=== Begin Enclosure ===
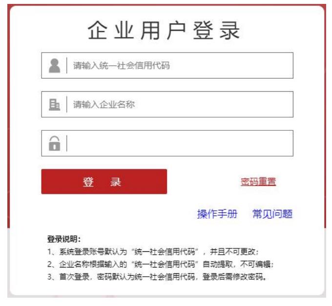 企業(yè)用戶登錄,登錄名默認為本企業(yè)的18位統(tǒng)一社會信息代碼。輸入統(tǒng)一社會信用代碼后,則企業(yè)名稱將自動提取顯示。企業(yè)名稱默認顯示本企業(yè)的企業(yè)名稱。首次登錄,密碼默認為統(tǒng)一社會信用代碼,登錄后需要修改密碼。
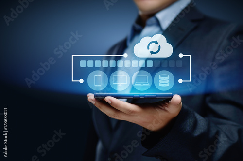 The watermark will not be included on Sticker.: Backup storage data internet technology business concept
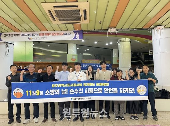 (원투원뉴스) 광주도시공사는 지난 7일 ‘소방의 날’을 맞아, 공사가 관리·운영 중인 충금 지하도상가 일원에서 화재 예방 캠페인을 실시했다.
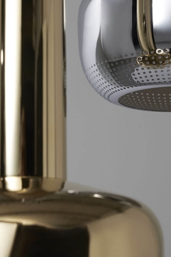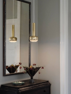 Lampa wisząca VL 56 wykonana jest z polerowanego, nieobrobionego mosiądzu, a także dostępna jest w chromie.
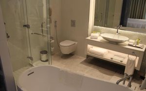 Туалетная бумага Полотенца Биде Ванна или душ Тапочки Собственная ванная комната Туалет Бесплатные туалетно-косметические принадлежности Халат Фен Ванна Душ
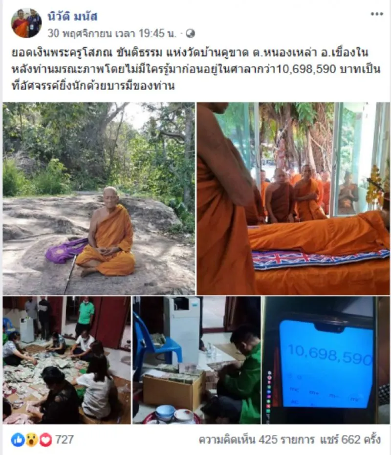 วันที่ 2 ธันวาคม 2562 ทีมข่าวสยามนิวส์รายงานว่า โลกออนไลน์มีการส่งต่อภาพเหตุการณ์ของผู้ใช้เฟซบุ๊กชื่อ นิวัติ มนัส ซึ่งได้โพสต์ถึง พระครูโสภณ ขันติธรรม แห่งวัดบ้านคูขาด โดยผู้ใช้เฟซบุ๊กดังกล่าวระบุข้อความว่า ยอดเงินพระครูโสภณ ขันติธรรม แห่งวัดบ้านคูขาด ตำบลหนองเหล่า อำเภอเขื่องใน หลังท่านมรณะภาพโดยไม่มีใครรู้มาก่อนอยู่ในศาลากว่า 10698590 บาทเป็นที่อัศจรรค์ยิ่งนักด้วยบารมีของท่าน
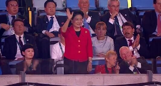 中国代表团第45个入场,雷声高举并且挥舞着国旗大步向前。国务院副总理刘延东作为习近平主席特别代表出席,她向中国代表团挥手致意。
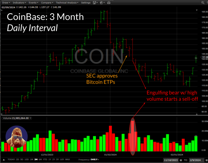 Coinbase (COIN): Traditionally, this stock’s performance correlates with Bitcoin (BTC). However, with the approval of BTC ETPs, the correlation may evaporate. Over 40% of COIN’s revenue comes from transactions. While COIN will earn fees as a custodian for many asset managers managing these ETPs, it’s uncertain if custodian revenue will offset a potential decrease in transaction revenue. The convenience of ETPs may attract investors away from using Coinbase accounts for crypto exposure. Judging by the price action on the day ETPs were approved, it seems I’m not alone in this belief.
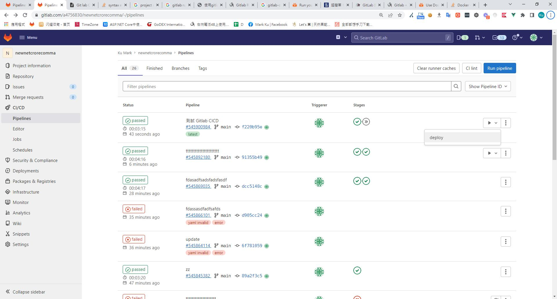 9. gitlab-ci.yml 是 gitlab piplines 設定檔,專案根目錄加入 .gitlab-ci.yml 檔案,則符合條件就會執行相關的 stages 的指令。
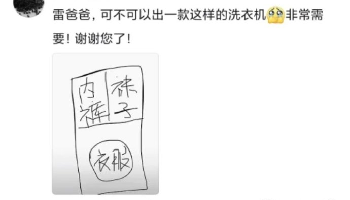 据说,之前就一直有网友在雷军社交动态评论区留言,提议小米做一款三区洗衣机,让衣服、袜子、内裤都找准各自的位置。
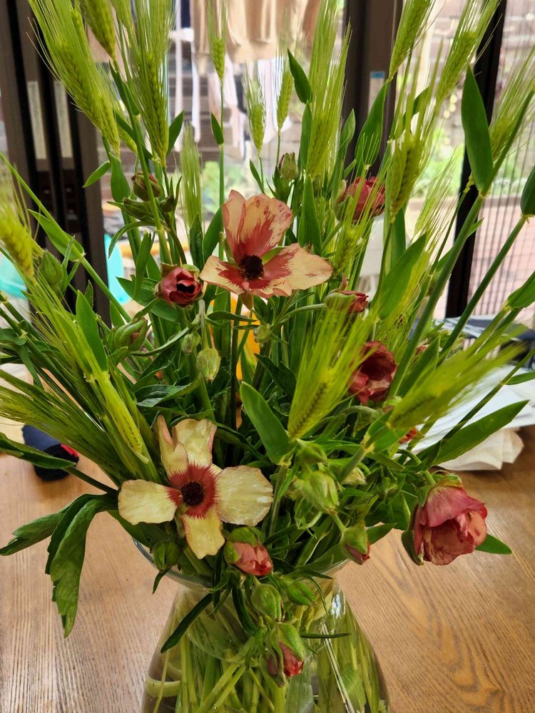 ラナンキュラスラックス・テセウスさん、畑のを切り花に、麦と一緒に飾ってみました。
=== End Enclosure ===
PROBLEM REQUIREMENTS: Starting with the line that holds "中国代表团第45个入场,雷声", return each line exactly through the final line of the entries above; pictures are not part of the output.

REPLY:
 中国代表团第45个入场,雷声高举并且挥舞着国旗大步向前。国务院副总理刘延东作为习近平主席特别代表出席,她向中国代表团挥手致意。
 Coinbase (COIN): Traditionally, this stock’s performance correlates with Bitcoin (BTC). However, with the approval of BTC ETPs, the correlation may evaporate. Over 40% of COIN’s revenue comes from transactions. While COIN will earn fees as a custodian for many asset managers managing these ETPs, it’s uncertain if custodian revenue will offset a potential decrease in transaction revenue. The convenience of ETPs may attract investors away from using Coinbase accounts for crypto exposure. Judging by the price action on the day ETPs were approved, it seems I’m not alone in this belief.
 9. gitlab-ci.yml 是 gitlab piplines 設定檔,專案根目錄加入 .gitlab-ci.yml 檔案,則符合條件就會執行相關的 stages 的指令。
 据说,之前就一直有网友在雷军社交动态评论区留言,提议小米做一款三区洗衣机,让衣服、袜子、内裤都找准各自的位置。
 ラナンキュラスラックス・テセウスさん、畑のを切り花に、麦と一緒に飾ってみました。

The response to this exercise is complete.